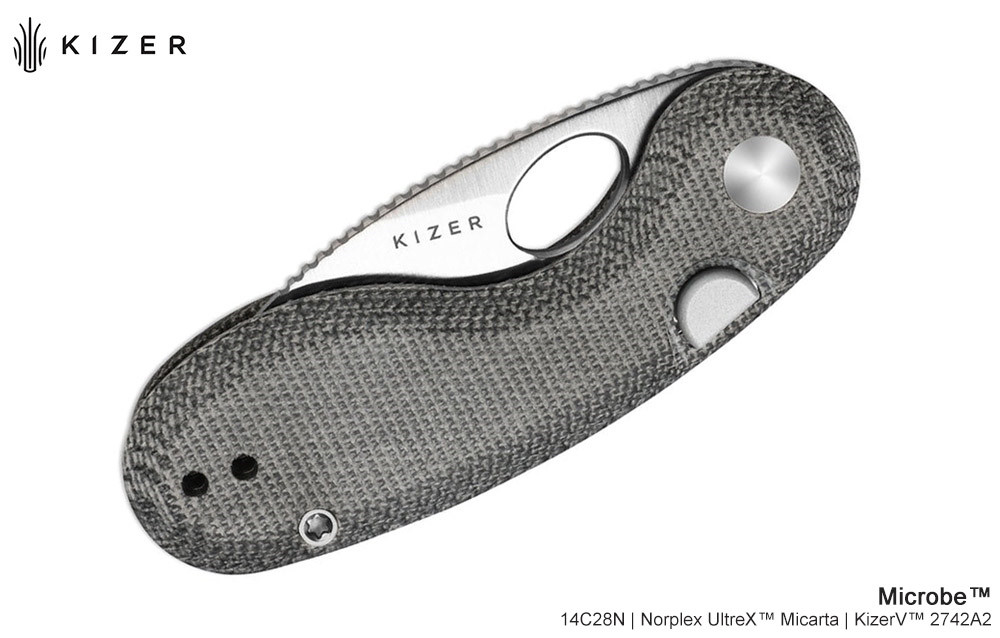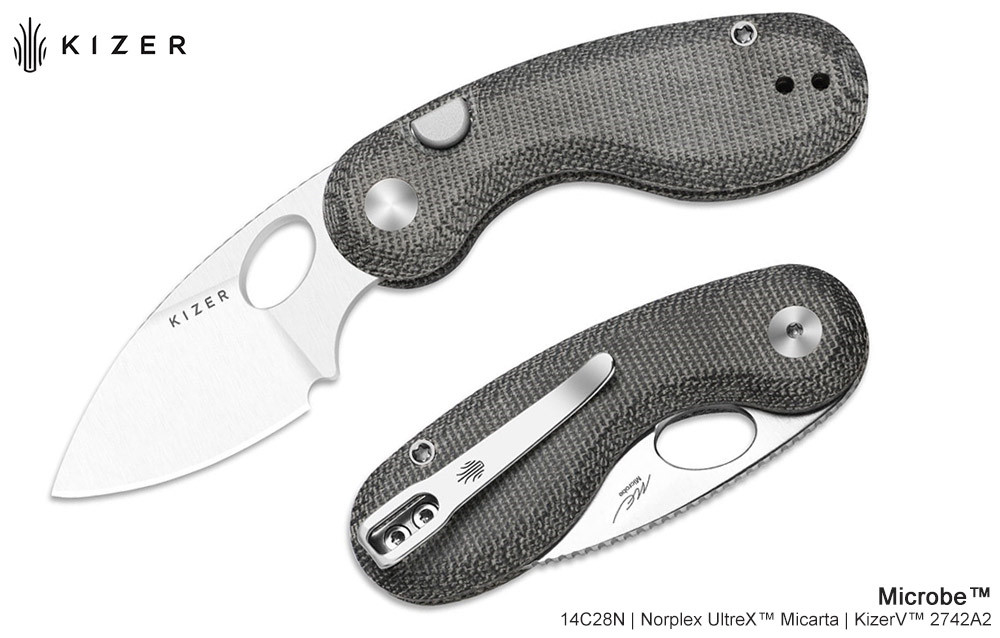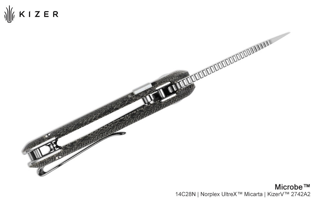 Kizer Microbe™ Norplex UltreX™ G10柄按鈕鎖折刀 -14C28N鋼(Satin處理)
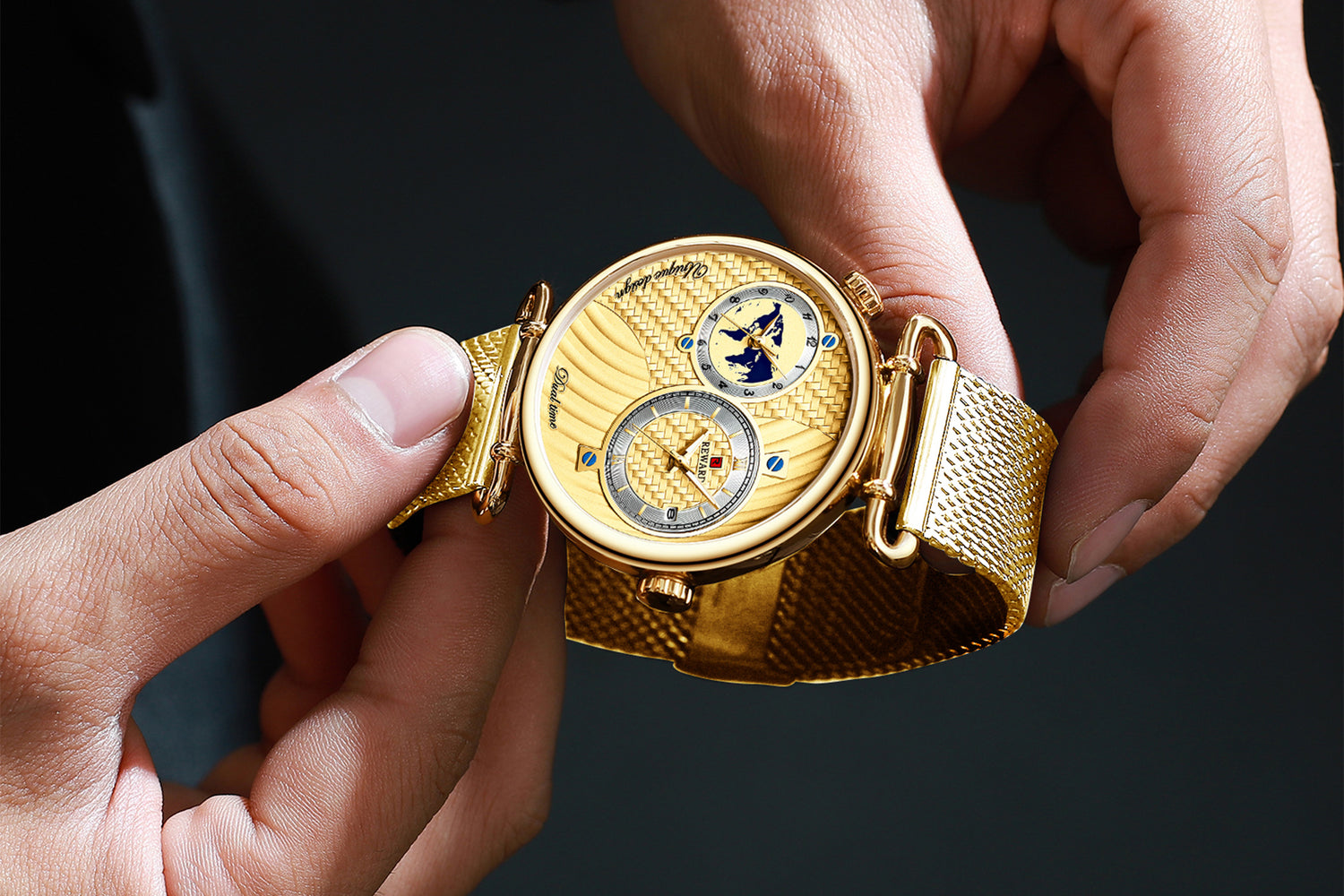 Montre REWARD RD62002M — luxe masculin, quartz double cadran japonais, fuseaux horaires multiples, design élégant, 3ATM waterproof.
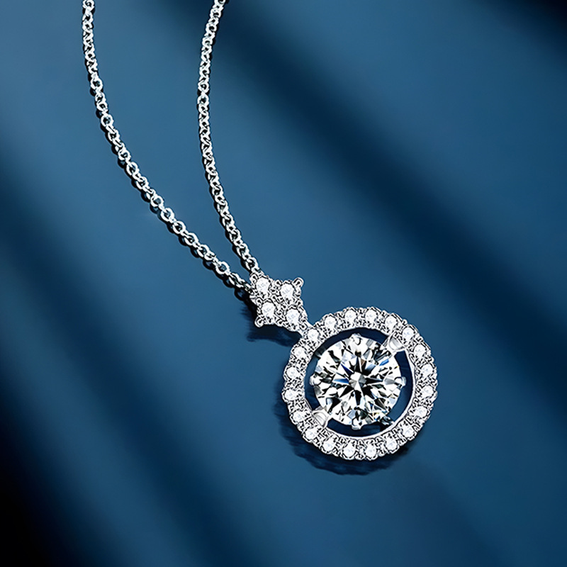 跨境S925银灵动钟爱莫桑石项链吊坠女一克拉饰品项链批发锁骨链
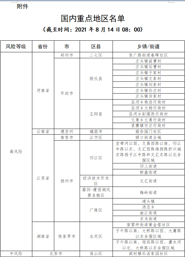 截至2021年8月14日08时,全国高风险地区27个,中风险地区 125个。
◆ ◆ ◆ ◆ ◆
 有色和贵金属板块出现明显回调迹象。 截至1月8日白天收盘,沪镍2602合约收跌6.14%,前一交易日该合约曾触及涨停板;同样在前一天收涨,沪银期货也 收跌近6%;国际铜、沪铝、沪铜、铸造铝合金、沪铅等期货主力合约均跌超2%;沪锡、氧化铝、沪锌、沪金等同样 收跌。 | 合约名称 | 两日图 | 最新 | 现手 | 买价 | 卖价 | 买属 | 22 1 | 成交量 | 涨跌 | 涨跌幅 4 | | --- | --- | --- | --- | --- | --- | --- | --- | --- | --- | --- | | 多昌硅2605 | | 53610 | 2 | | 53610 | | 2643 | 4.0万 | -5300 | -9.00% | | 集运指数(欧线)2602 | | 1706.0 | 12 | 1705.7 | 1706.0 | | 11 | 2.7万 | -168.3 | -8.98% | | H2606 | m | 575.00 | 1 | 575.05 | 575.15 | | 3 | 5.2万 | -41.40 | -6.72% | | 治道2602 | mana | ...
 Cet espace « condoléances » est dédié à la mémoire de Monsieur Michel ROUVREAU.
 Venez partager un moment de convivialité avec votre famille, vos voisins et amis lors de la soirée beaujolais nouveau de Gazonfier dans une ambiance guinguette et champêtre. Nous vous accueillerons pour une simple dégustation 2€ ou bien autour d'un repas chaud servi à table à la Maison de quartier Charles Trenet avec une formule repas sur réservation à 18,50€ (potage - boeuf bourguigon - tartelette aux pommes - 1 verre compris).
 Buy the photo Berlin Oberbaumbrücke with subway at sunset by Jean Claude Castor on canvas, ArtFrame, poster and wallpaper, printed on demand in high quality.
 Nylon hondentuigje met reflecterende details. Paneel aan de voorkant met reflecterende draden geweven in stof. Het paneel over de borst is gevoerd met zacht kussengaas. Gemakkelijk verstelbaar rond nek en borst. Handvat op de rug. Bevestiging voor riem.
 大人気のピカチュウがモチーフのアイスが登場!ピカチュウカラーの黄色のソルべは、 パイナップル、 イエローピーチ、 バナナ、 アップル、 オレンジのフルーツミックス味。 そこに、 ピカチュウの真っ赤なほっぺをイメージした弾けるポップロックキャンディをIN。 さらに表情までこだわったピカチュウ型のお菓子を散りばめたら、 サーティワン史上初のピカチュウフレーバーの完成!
◆ ◆ ◆ ◆ ◆
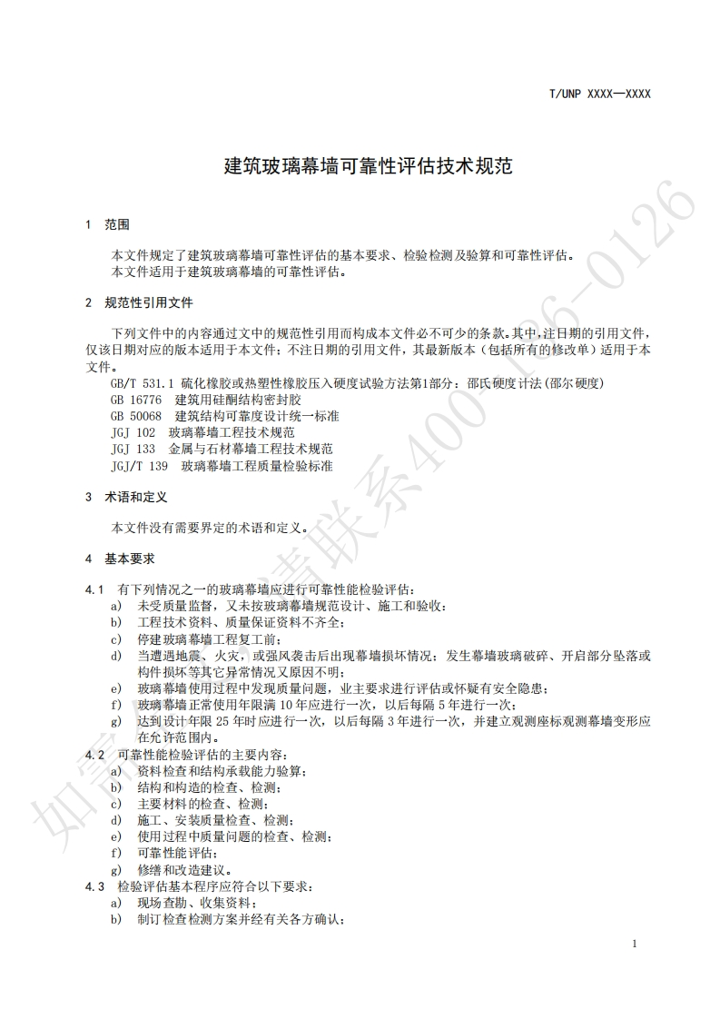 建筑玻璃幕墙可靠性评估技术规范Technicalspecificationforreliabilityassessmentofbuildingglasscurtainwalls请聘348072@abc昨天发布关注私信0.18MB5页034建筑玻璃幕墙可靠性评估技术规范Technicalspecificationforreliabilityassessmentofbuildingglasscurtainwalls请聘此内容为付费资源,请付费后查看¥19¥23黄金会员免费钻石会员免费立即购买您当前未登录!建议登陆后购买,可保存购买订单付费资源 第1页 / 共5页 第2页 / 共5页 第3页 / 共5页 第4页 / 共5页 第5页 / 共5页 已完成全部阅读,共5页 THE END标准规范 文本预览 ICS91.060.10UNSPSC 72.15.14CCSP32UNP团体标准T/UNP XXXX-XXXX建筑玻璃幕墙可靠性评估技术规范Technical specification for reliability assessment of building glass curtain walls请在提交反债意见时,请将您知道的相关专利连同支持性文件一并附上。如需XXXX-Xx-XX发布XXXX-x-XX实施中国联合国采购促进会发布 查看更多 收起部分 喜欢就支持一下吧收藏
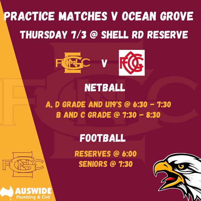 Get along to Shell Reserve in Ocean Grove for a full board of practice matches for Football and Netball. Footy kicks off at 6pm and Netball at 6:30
◆ ◆ ◆ ◆ ◆
Repeat the entries above verbatim, but only from the line that has "Buy the photo" down to the line that has "大人気のピカチュウがモチーフのアイスが登場!ピカチュウカラーの黄色のソルべは、 パイナップル、 イエローピーチ、", inclusive.

 Buy the photo Berlin Oberbaumbrücke with subway at sunset by Jean Claude Castor on canvas, ArtFrame, poster and wallpaper, printed on demand in high quality.
 Nylon hondentuigje met reflecterende details. Paneel aan de voorkant met reflecterende draden geweven in stof. Het paneel over de borst is gevoerd met zacht kussengaas. Gemakkelijk verstelbaar rond nek en borst. Handvat op de rug. Bevestiging voor riem.
 大人気のピカチュウがモチーフのアイスが登場!ピカチュウカラーの黄色のソルべは、 パイナップル、 イエローピーチ、 バナナ、 アップル、 オレンジのフルーツミックス味。 そこに、 ピカチュウの真っ赤なほっぺをイメージした弾けるポップロックキャンディをIN。 さらに表情までこだわったピカチュウ型のお菓子を散りばめたら、 サーティワン史上初のピカチュウフレーバーの完成!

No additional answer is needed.